コンテンツへスキップ

アイヌの歴史

AINU HISTORY

屈斜路(くっしゃろ)には、いまもアイヌの人々が暮らすコタン(村、集落の意味)があります。昔から屈斜路ではアイヌの人々が生活を営んできました。アイヌの歴史や文化を学ぶことができる施設「屈斜路コタンアイヌ民俗資料館」もあります。

かつての屈斜路コタンにおけるアイヌの人々の生活風景。
「池の湯」
アイヌの衣装。アイウシという刺繍の文様は、魔除けの意味がある。

この地に湧き出す温泉を、アイヌの人々は生活のなかで自然と利用してきました。このエリアにある「池の湯」という温泉(野湯)は、つい50年ほど前までここで暮らす人々のお風呂として、日常的に利用されていた温泉です。コタンと「池の湯」を結ぶ湖畔の道は、かつてはアイヌの人々の生活の道でもありました。

また活火山として有名な屈斜路の硫黄山は、アイヌ語名のアトサヌプリ(「アトサ=裸」の「ヌプリ=山」という意味)という名前でも親しまれています。このように今もアイヌの生活や文化がこの地に多く残っています。

屈斜路コタンのことが初めて文献に登場したのは1859年(安政6年)。江戸幕府の命令で、北海道内をくまなく調査していた松浦武四郎による『久摺(くすり)日誌』です。記述によると、このコタンには当時7軒の家があり、そのようすを「湖水を背にして家が立ち並ぶ風景は、言いようのないほどすばらしい」と絶賛しています。

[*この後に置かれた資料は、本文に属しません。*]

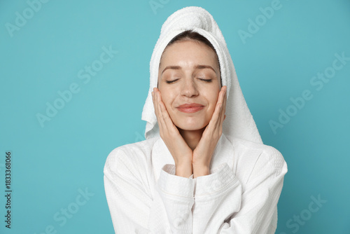 © New Africa, Obraz premium Woman wearing bathrobe with hair wrapped in towel on light blue background
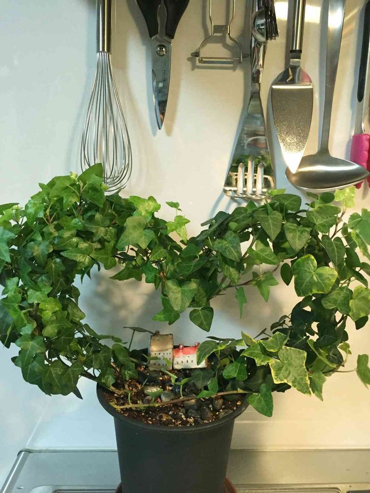 ワイヤーに添わせたハートアイビーは元気になり、ここまでモサモサに。
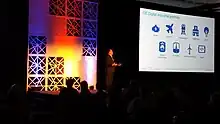 Other examples of large-scale deployments underway include the Sino-Singapore Guangzhou Knowledge City;[87] work on improving air and water quality, reducing noise pollution, and increasing transportation efficiency in San Jose, California;[88] and smart traffic management in western Singapore.[89] Using its RPMA (Random Phase Multiple Access) technology, San Diego-based Ingenu has built a nationwide public network[90] for low-bandwidth data transmissions using the same unlicensed 2.4 gigahertz spectrum as Wi-Fi. Ingenu's "Machine Network" covers more than a third of the US population across 35 major cities including San Diego and Dallas.[91] French company, Sigfox, commenced building an Ultra Narrowband wireless data network in the San Francisco Bay Area in 2014, the first business to achieve such a deployment in the U.S.[92][93] It subsequently announced it would set up a total of 4000 base stations to cover a total of 30 cities in the U.S. by the end of 2016, making it the largest IoT network coverage provider in the country thus far.[94][95] Cisco also participates in smart cities projects. Cisco has deployed technologies for Smart Wi-Fi, Smart Safety & Security, Smart Lighting, Smart Parking, Smart Transports, Smart Bus Stops, Smart Kiosks, Remote Expert for Government Services (REGS) and Smart Education in the five km area in the city of Vijaywada, India.[96][97]
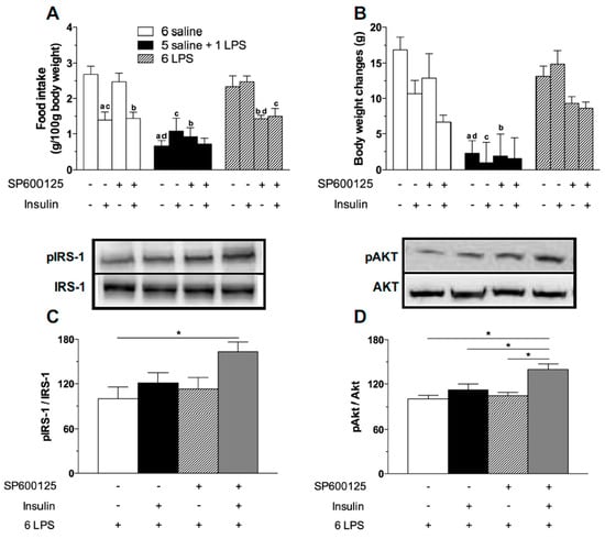 Rats implanted with a cannula in the lateral ventricle (n = 6–8/group) were assigned into the experimental groups (6 Saline, 1 LPS and 6 LPS) as described above. On the day of the experiment, food was removed at 04:00 p.m. and the rats from each group were ICV pre-treated with vehicle (saline, 5 μL) or JNK inhibitor (20 μM in 5 μL; Tocris, Ellisville, MO, USA), followed 105 min after by vehicle (saline, 5 μL) or insulin (12 μM in 5 μL) ICV injection. Food was reoffered 30 min after vehicle or insulin injection. Food consumption and body weight gain were assessed 2 and 14 h after food replacement, respectively.
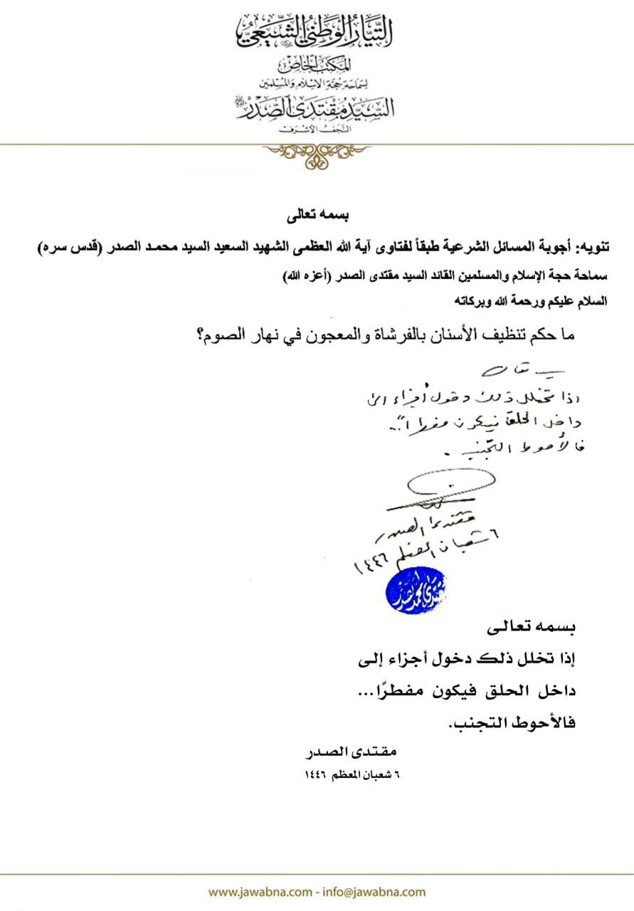 سماحة القائد السيد مقتدى الصدر (أعزه الله) يجيب على سؤال قدم لسماحته حول حكم تنظيف الأسنان بالفرشاة والمعجون في نهار الصوم

また、地元のアイヌの案内で湖上に出た武四郎は、「汐ならぬ 久寿里の湖に 舟うけて 身も若がへる こゝちこそすれ」という歌を詠みました。湖畔には、その歌が刻まれた碑が建っています。碑の近くには、アイヌの人たちのヌササン(祭壇)や、子クマを飼育するための檻なども見ることができます。

「屈斜路コタンアイヌ民俗資料館」では、地元のアイヌの人たちの生活ぶりや、独特なエゾシカ猟のようす、アイヌの人たちにとって最も重要な儀式であったヒグマのイオマンテ(霊おくり)を撮影した貴重な映像などを見ることができます。